Zur Startseite

Ausrüstung

Auch wenn das Streben nach neuster Technik häufig verführerisch ist, so sollte es nicht darüber hinweg täuschen, dass der Anteil der Technik oft nur zu einem geringen Teil zum Gelingen von guten Fotos beiträgt.
Einem Drei-Sterne-Koch unterstellt man letztendlich auch nicht, dass ihm nur ein gutes Essen gelungen ist, weil er besonders hochwertige Töpfe im Einsatz hatte. Zugegebenerweise hinkt der Vergleich schon ein wenig, da man in der anspruchsvollen Naturfotografie (insbesondere bei der Tierfotografie) um ein bestimmtes Maß an Technik nicht herum kommt. Insbesondere bei den größeren Teleobjektiven zeigt sich schnell, wenn zu stark gespart wird.
Allerdings wird die Wirkung von langen Teleobjektiven, die ich selber auch einsetzte, von Außenstehenden häufig völlig überschätzt. Um mal ein Beispiel zu nennen, benötig man für eine formatfüllende Aufnahme eines kleinen Singvogels mit einem 600mm Objektiv in etwa einen Abstand von 5-6m. Die meisten wildlebenden Vögel haben eine viel größere Fluchtdistanz und so geht vieles nicht ohne den Einsatz einer Tarnung. Als Tarnung dienen Ansitzhütten oder Tarnzelte, aber auch das Auto kann einem eine gute Tarnung bieten.

Da die verwendete Marke eine untergeordnete Rolle spielt beschränke ich mich bei meiner Aufzählung auf die wesentlichen Eckdaten.
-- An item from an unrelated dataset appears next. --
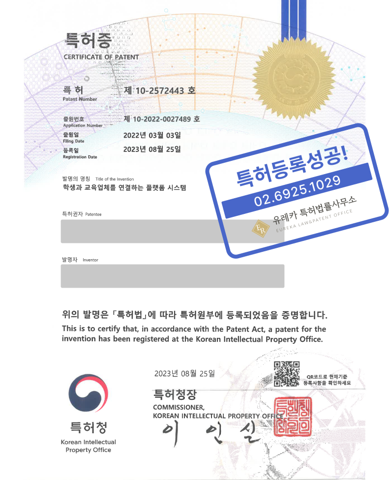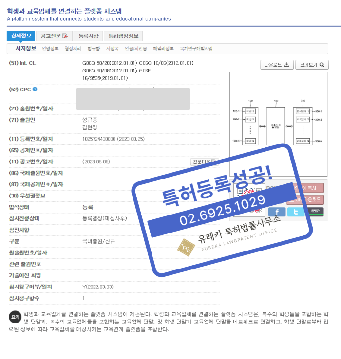 교육연계 플랫 폼을 포함하는 것을 확인하고 이를 기반으로 특허출원을 진행해 성공시킨 사례입니다!

Ab einer Brennweite von 300mm verwende ich nur noch Festbrennweiten die ich gegebenenfalls mit Konvertern verlängere.
Zur Technik finden Sie aber auch bei jedem Bild in der Galerie genauere Angaben.

  •   DSLR (APS-C)
  •   Brennweiten von 12-600mm
  •   verschiedene Konverter
  •   verschiedene Makroobjektive
  •   Makro Einstellschlitten
  •   Winkelsucher
  •   verschiedene Dreibein Stative (Carbon)
  •   Einbeinstativ (Carbon)
  •   Zwei-Wege-Neiger
  •   Kugelkopf
  •   unterschiedliche Rucksäcke und Taschen
  •   verschiedene Tarnzelte und Tarnschals
  •   Utensilien wie Aufheller, Filter, etc.

Ein Blitzgerät fehlt in der Aufzählung, da ich kein Blitzlicht in der Naturfotografie verwenden möchte.
Mir gefällt das Arbeiten mit dem künstlichen Licht nicht so sehr und ich verwende, insbesondere für die Makrofotografie, bei Bedarf stattdessen lieber verschiedene Aufheller.

Mein wichtigstes Zubehör sind die Stative. Viele der gezeigten Aufnahmen entstanden zu Zeiten wo wenig Licht vorhanden war, also in der Regel am frühen Morgen oder am späten Abend unter Hilfenahme eines meiner Stative. Das Stativ hat für mich aber nicht nur den Sinn eine verwacklungsfrei Aufnahme zu erstellen, oder die Arme bei den schweren Teleobjektiven zu entlasten, sondern helfen mir auch dabei den Bildaufbau viel bewusster zu gestalten.